*ASSIGNED TASK*
Work through the lines of the material below, note those with the word "Primer", and give their number, nothing else.

*DATASET EXTRACT*
########

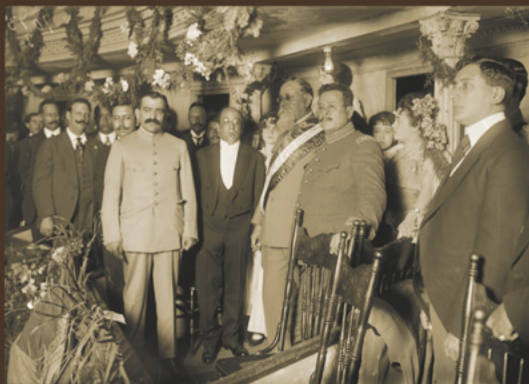
El Primer Jefe Venustiano Carranza durante un acto oficial en el Teatro Arbeu, ciudad de México, noviembre de 1916

El Congreso Constituyente al que convocaría el Primer Jefe del Ejército Constitucionalista, encargado del Poder Ejecutivo, estaría en posibilidades de aprobar, rechazar o modificar los decretos emitidos por el gobierno constitucionalista. Una vez establecidos los poderes, se podrían celebrar elecciones generales para presidente y vicepresidente de la República.
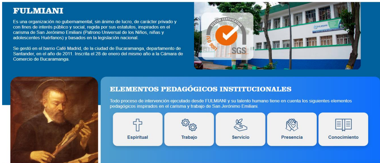
Ilustración 2. Cartografía de la página de la fundación Laical Miani FULMIANI Bucaramanga Santander
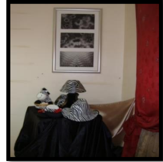
شكل رقم 32

########

*ANSWER TO THE EXERCISE*
2